Dans une librairie de Nouméa, trois auteurs calédoniens débattent, le deuxième samedi de chaque. Les derniers échanges avec le public ont porté, récemment, sur l'état de littérature calédonienne. Le premier constat est évident, il n'est pas simple de faire exister les ouvrages locaux.

"C'est un petit peu le parcours du combattant.
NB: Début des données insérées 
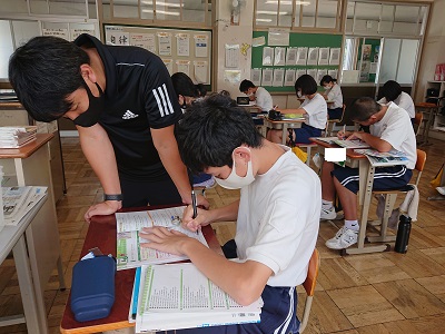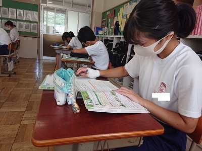 2年生は英語でto不定詞について学習しています。今日は、動作の目的について英語で説明できるよう考えました。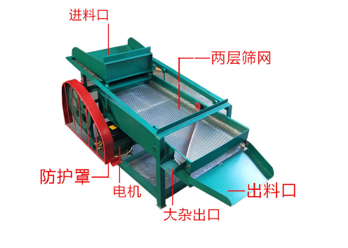 進(jìn)行初次篩分層篩分,以比較大的網(wǎng)孔,作為大塊雜質(zhì)篩分,如玉米芯,黃豆片,花生皮等等。大的雜質(zhì)會(huì)留在層篩網(wǎng)中,通過(guò)電機(jī)來(lái)回篩選抖動(dòng),把雜物振到雜物出料口,需要篩分的物料會(huì)漏到下層篩網(wǎng)中,進(jìn)行下一層篩網(wǎng) 層篩網(wǎng),網(wǎng)目比較小,也就是糧食機(jī)的小塊雜質(zhì),篩網(wǎng)網(wǎng)孔比需要篩分的物料大。

Soit on trouve des comptes d'auteur, où nous sommes obligés de mettre la main au portefeuille, soit on trouve des comptes d'éditeur, où nous sommes obligés d'acheter des livres mais nous sommes un peu épaulés pour tout le reste. Mais ensuite, tout ce qui est commercialisation et promotion, c'est à l'auteur de faire ce cheminement et c'est dur", explique Fabienne Chéné, autrice. 

D'ailleurs, dans la librairie en question, la plupart des clients qui fréquentent la librairie, durant le débat, ne connaissent pas les écrivains du Caillou. "Il n'y a pas assez de publicité. On n'en parle pas souvent. Je ne vois pas d'informations sur la littérature calédonienne", estime Steve Maridas, un lecteur.

Renforcer la présence des maisons d'édition sur le Caillou

Au milieu de milliers d'ouvrages, en provenance du monde entier, quelques productions locales sont regroupées et leur public existe. "Je recherche tous les livres sur la culture kanak et tout ce que l'on a pu écrire sur nos vieux. C'est mon origine et j'aimerai trouver un peu mes repères. En tant que jeune de la société calédonienne, nous ne les avons pas forcément. Grâce aux livres, nous pouvons nous aider", témoigne Darren Bouillant, un auteur lecteur.

Les écrivains avancent une solution : renforcer la présence des maisons d'édition en Nouvelle-Calédonie. "Il n'y en a pas et c'est pour cela qu'il y a beaucoup d'auteurs et d'autrices qui pensent avoir, et dès fois à raison, un bon texte et qui l'autoédite. Mais tant qu'il n'y a pas un travail réécriture pour retravailler un texte, fatalement cela ne va pas être une vraie édition", complète l'auteur Roland Rossero.

Les auteurs estiment également qu'il serait positif de faciliter l'utilisation de leurs romans, essais et recueils de poésie dans les écoles de Nouvelle-Calédonie. La Maison du livre, dont la mission est justement d'accompagner la filière du livre : auteurs, éditeurs, librairies et bibliothèques est, par ailleurs, en difficultés. Elle est à recherche d'un nouveau local et doit composer avec des subventions réduites.